In the Uber and Lyft litigation, drivers had made similar claims regarding their classification. The companies exercised significant control over their activities, they said, rendering them employees. They pointed to company controls over their hours, their pay, and the way they complete their work.
When the lawsuits were first filed, with celebrated labor lawyer Shannon Liss-Riordan at the helm of each, commentators speculated that the suits could bring down the business model behind the gig economy.
That hasn't been the case just yet.
Settlements Put Off Final Ruling on Classification Question
Both Uber and Lyft moved quickly to settle the suits. In Uber's case, the company offered up to $100 million to end the litigation. Lyft followed a similar approach.

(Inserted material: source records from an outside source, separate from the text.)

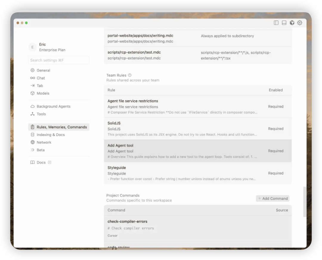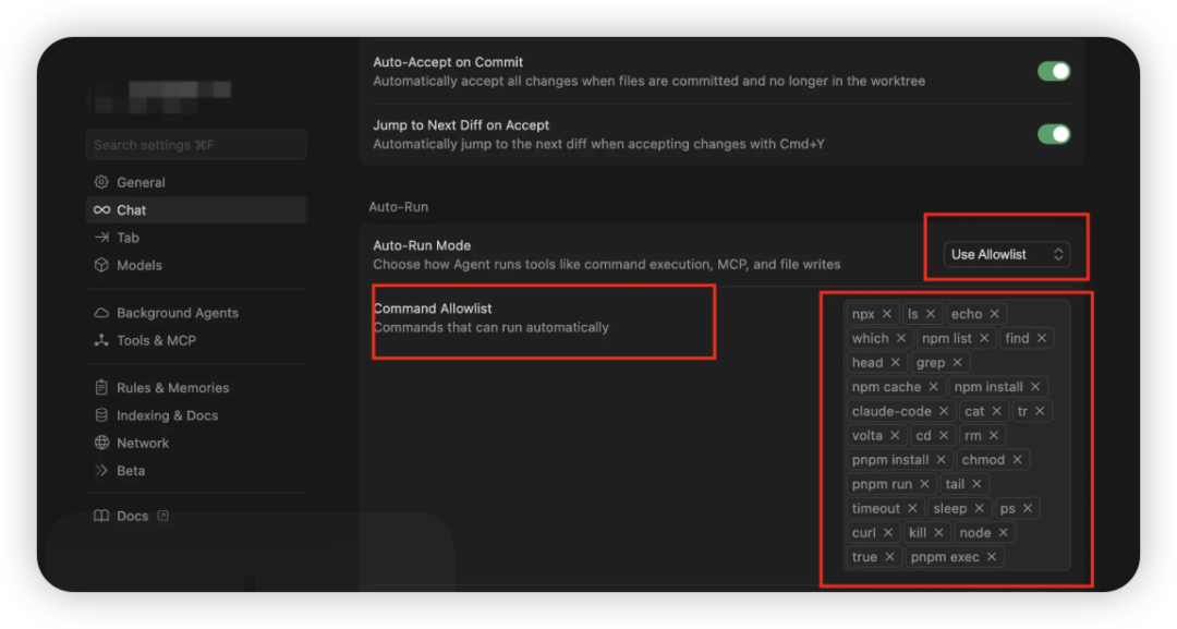 若处于允许列表模式,未在允许列表中的命令将自动在沙盒内运行,该沙盒可对您的工作区进行读写访问,但无法访问互联网。无论你是独立开发者还是团队协作者,Cursor 1.7 的这些新特性都将显著提升你的开发效率,让 AI 真正成为你的得力助手。允许列表模式是cursor早期的功能,具体配置如下,或者你在agent交互过程中,已经设置了部分允许列表。当你在 Agent 输入框中打字时,系统会根据你最近的代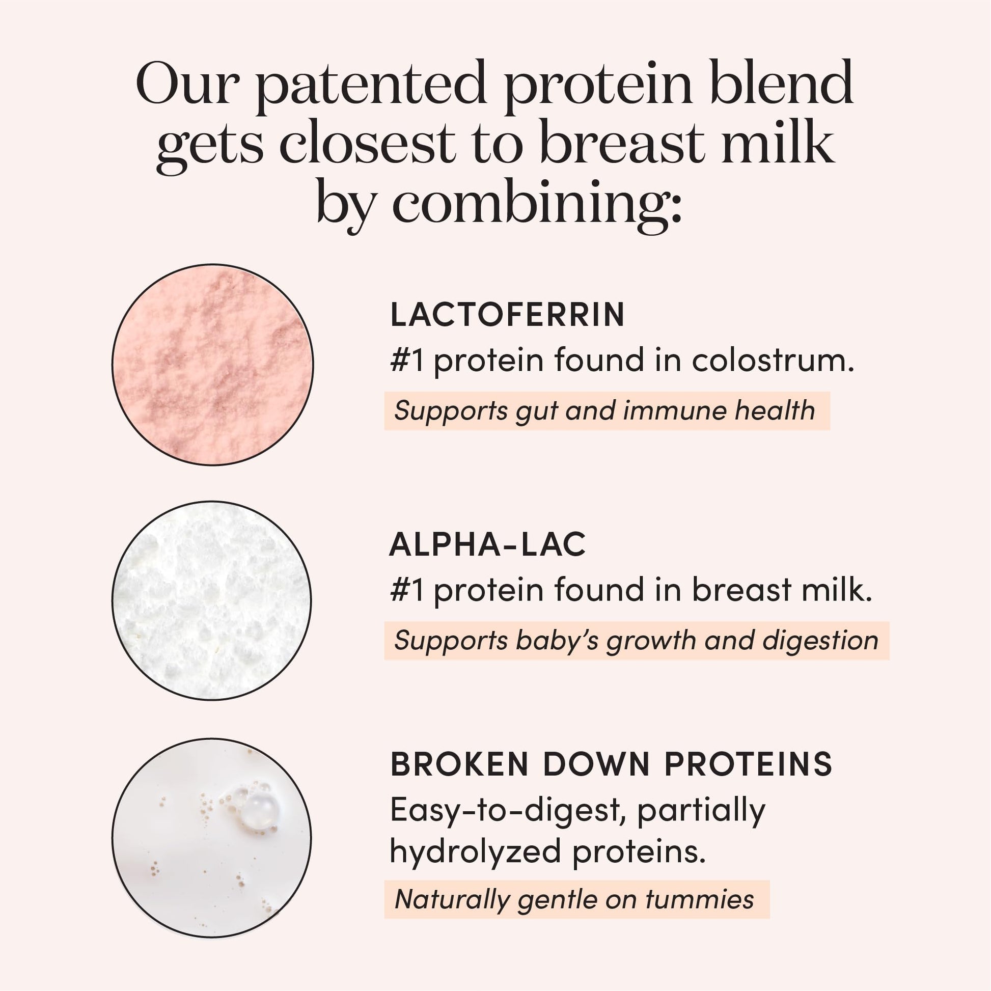 - Featuring a patented protein blend that gets closest to breast milk—with the 2 most abundant proteins found in breast milk, plus broken down proteins.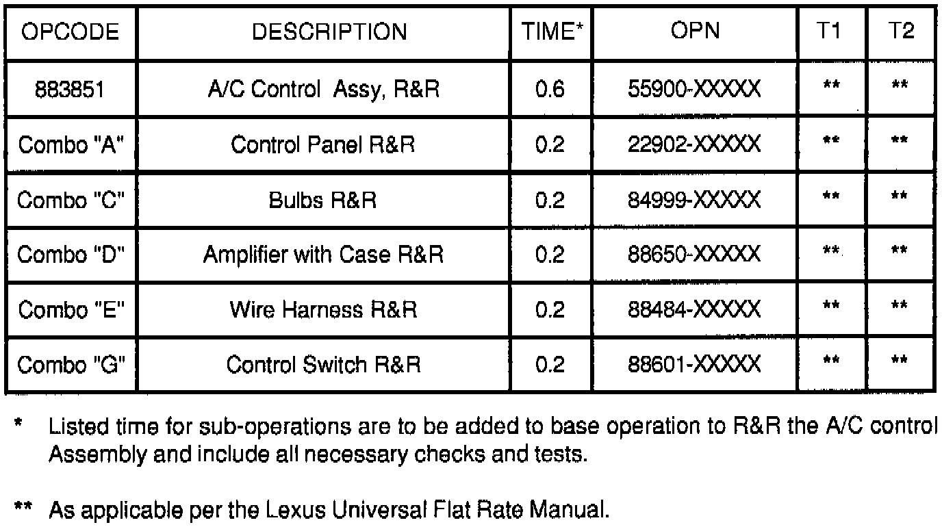 * Listed time for sub-operations are to be added to base operation to R&R the A/C Control Assembly and include all necessary checks and tests.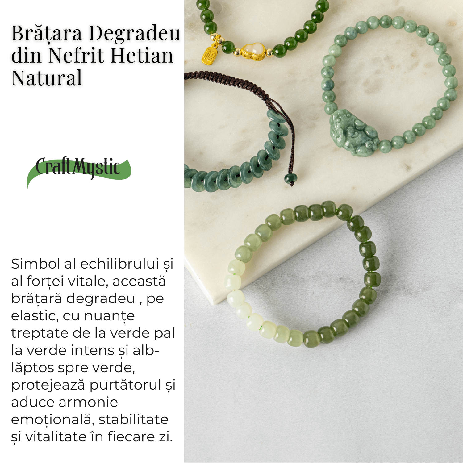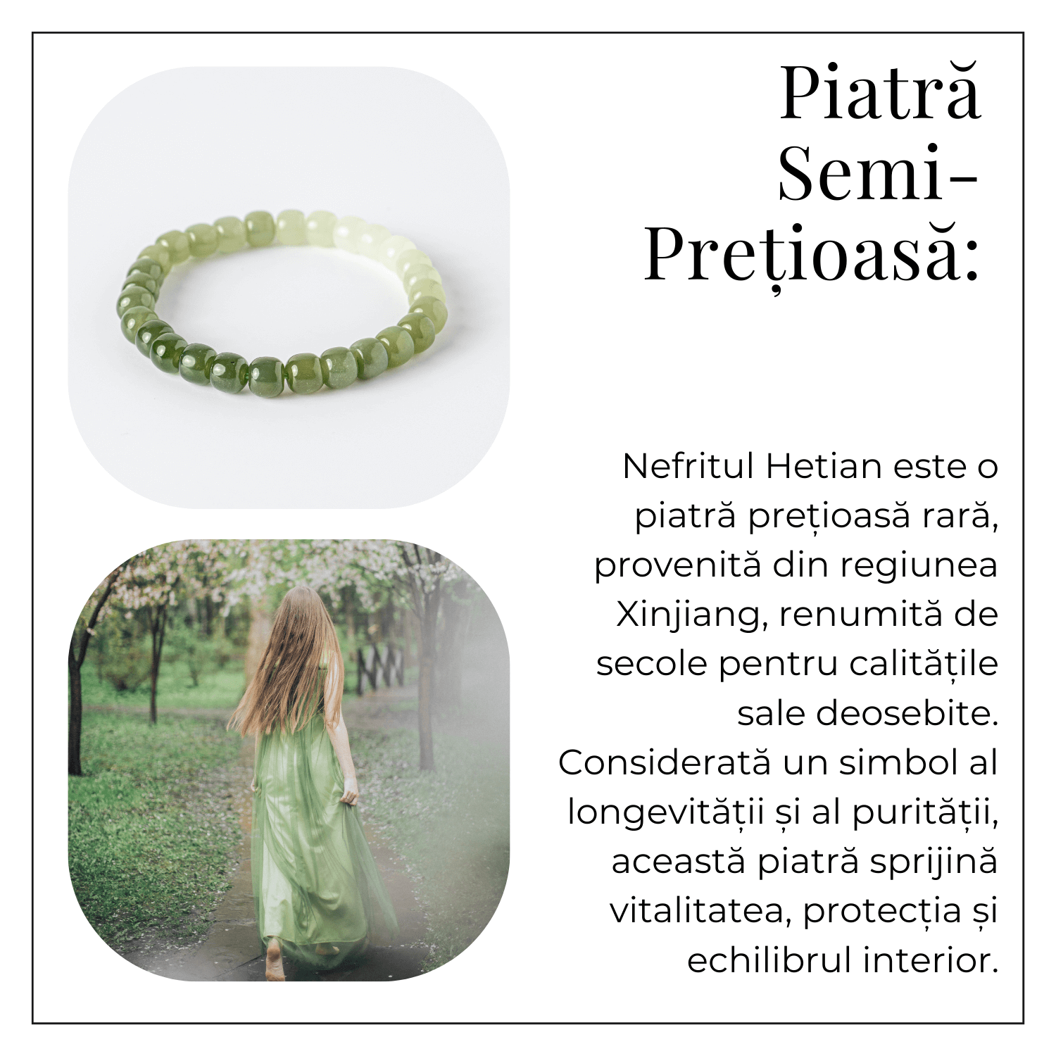 Aceasta bratara din Nefrit Hetian Natural, lucrata in nuante de verde pal pana la verde intens, este un simbol al echilibrului, vitalitatii si protectiei interioare. Forma sa circulara sugereaza ciclicitatea vietii, armonia si continuitatea, iar piatra de nefrit este considerata de mii de ani un talisman al longevitatii si al pacii sufletesti.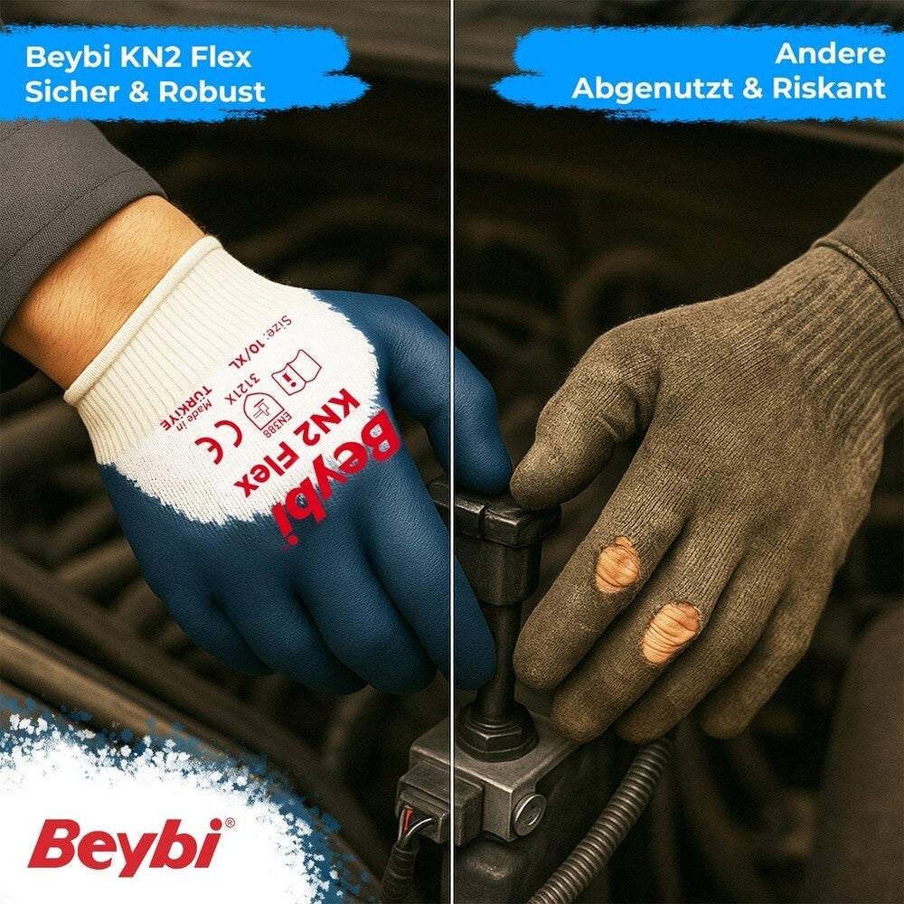 KN2-Handschuhe liegen besser in der Hand und bieten durch ihre baumwollgefütterte Textur, das Strickbündchen und die spezielle Form einen hohen Tragekomfort. Er ist widerstandsfähiger gegen Abrieb und Reißen.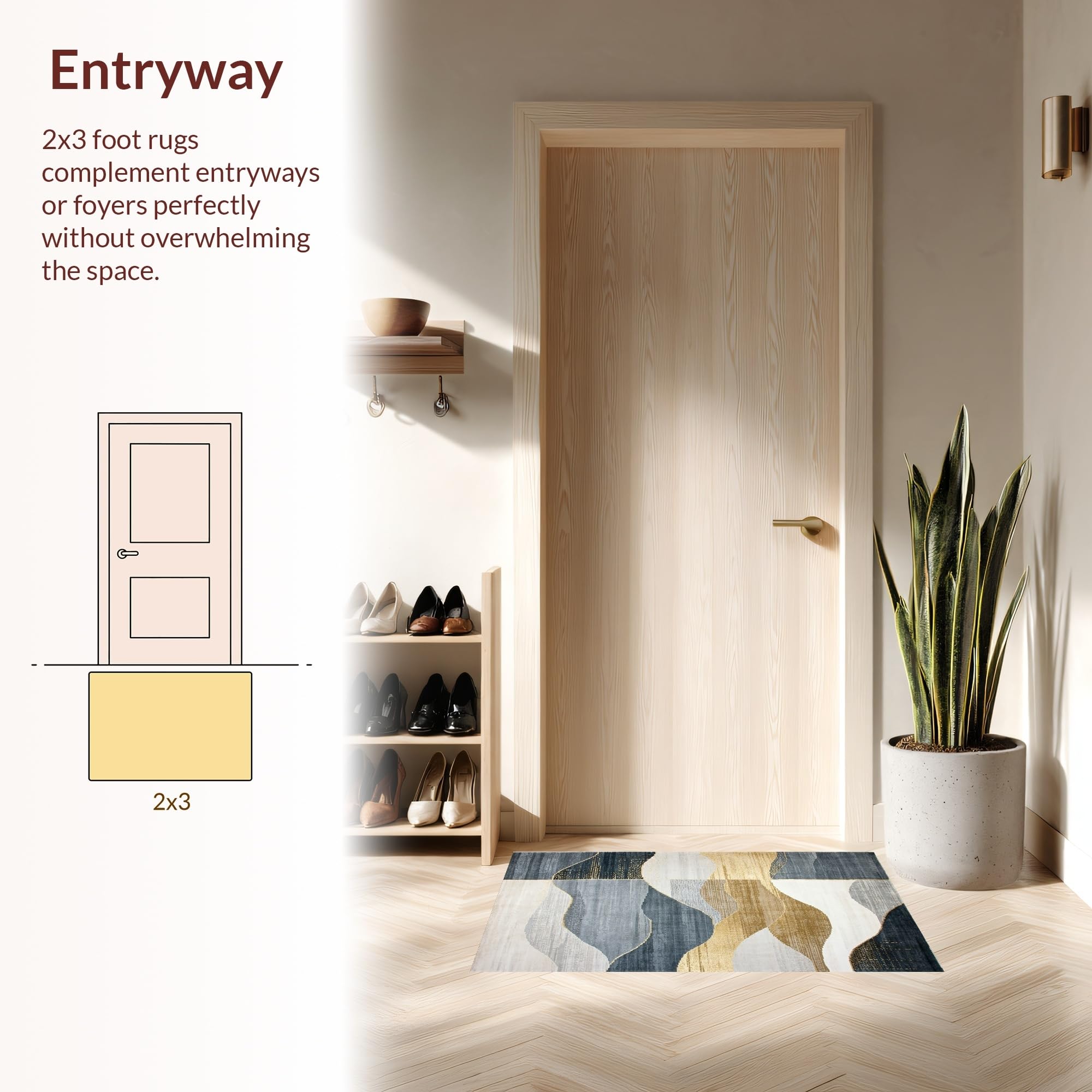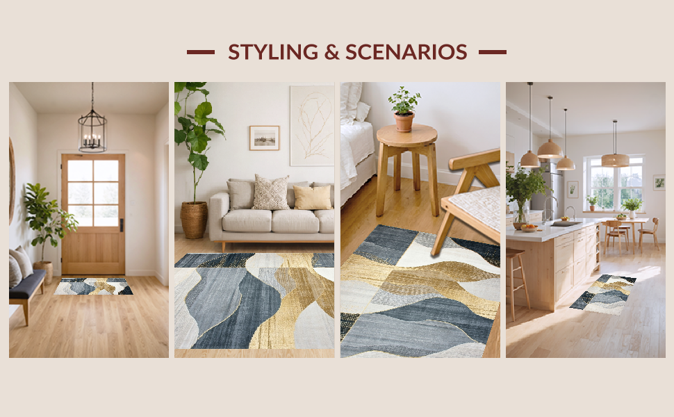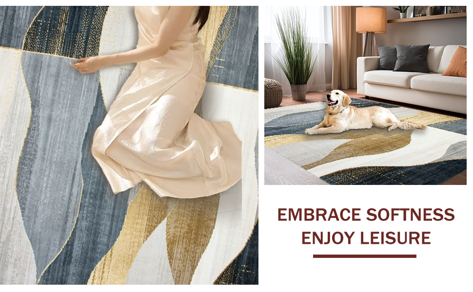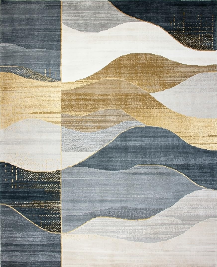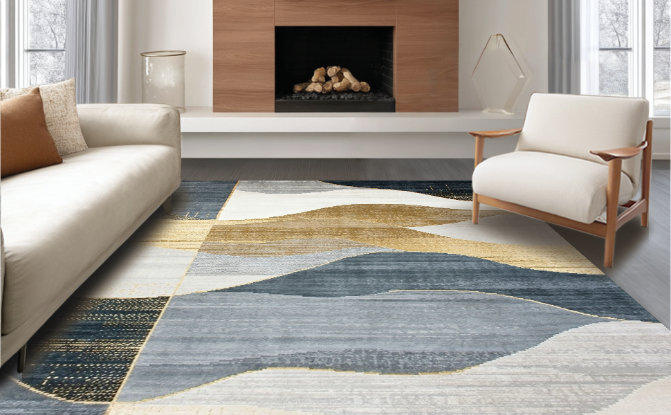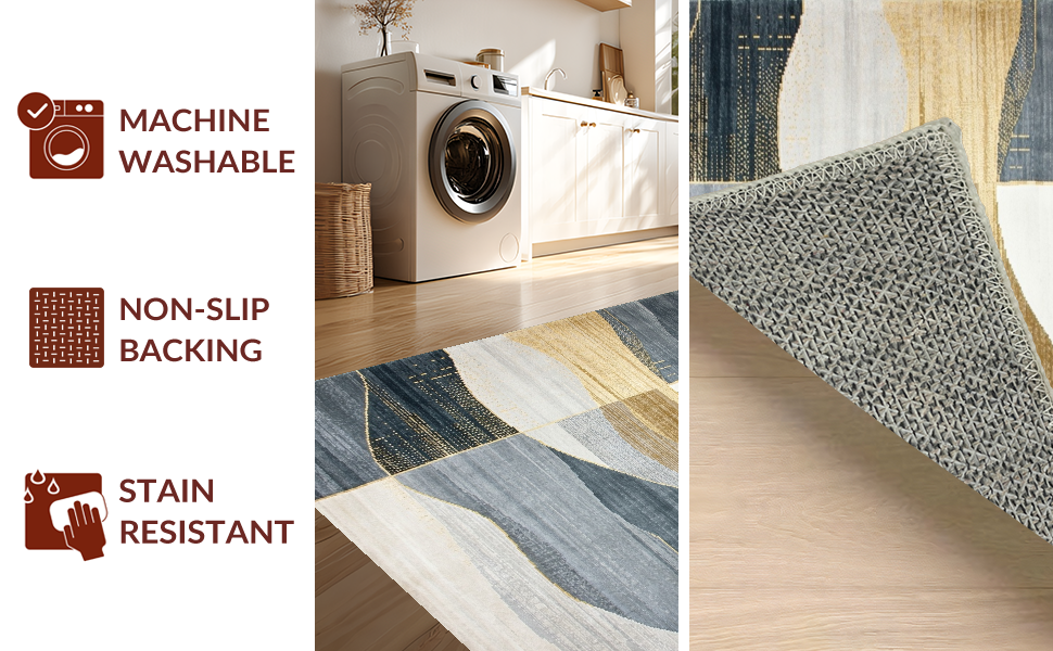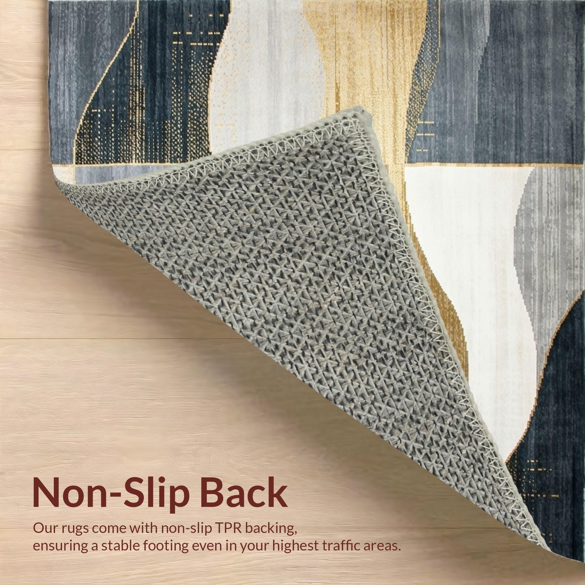 Ultra Soft Area Rug, Non Slip, Stain Resistant, Washable Area Rugs for Living Room, Bedroom, Chic Minimalist Grey Gold Design(Gray) Overview:
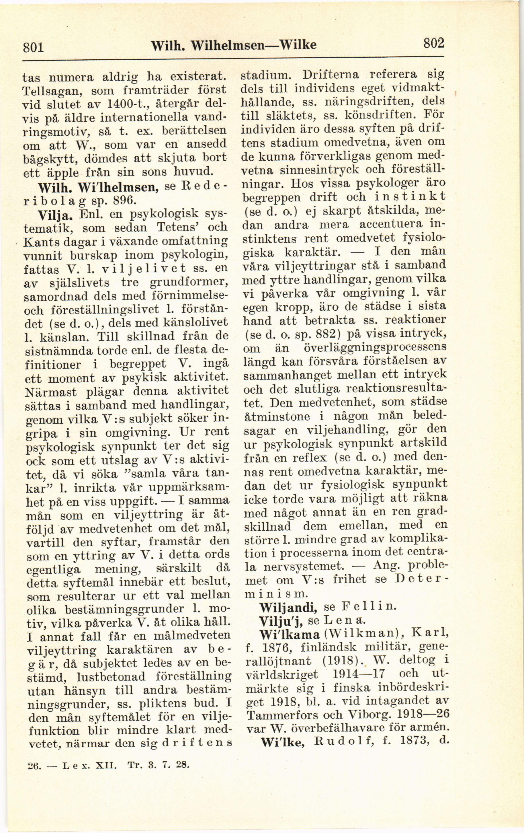 Vilja. Enl. en psykologisk

Both Uber and Lyft's settlements were originally rejected. But after Lyft more than doubled its settlement offer, from $12.5 million to $27 million, the settlement was approved last Thursday by U.S. District Judge Vince Chhabria.
Under the terms of that settlement, Lyft will change parts of its driver terms of service, but the question about the driver's status will not be answered. "The agreement is not perfect," Judge Chhabria wrote. "And the status of Lyft drivers under California law remains uncertain going forward." That question "will have to wait for another day," according to Liss-Riordan.
Speaking of waiting, Uber drivers too must wait for the conclusion of their suit. The driver's lawsuit has been stayed since November, as Uber appeals a court ruling on its arbitration clause. In a separate lawsuit, the Ninth Circuit ruled that drivers must go to arbitration over their employment disputes.
For now, it looks like we won't be getting any definitive rulings on the independent contractor / employee issue. But "not today" doesn't mean never.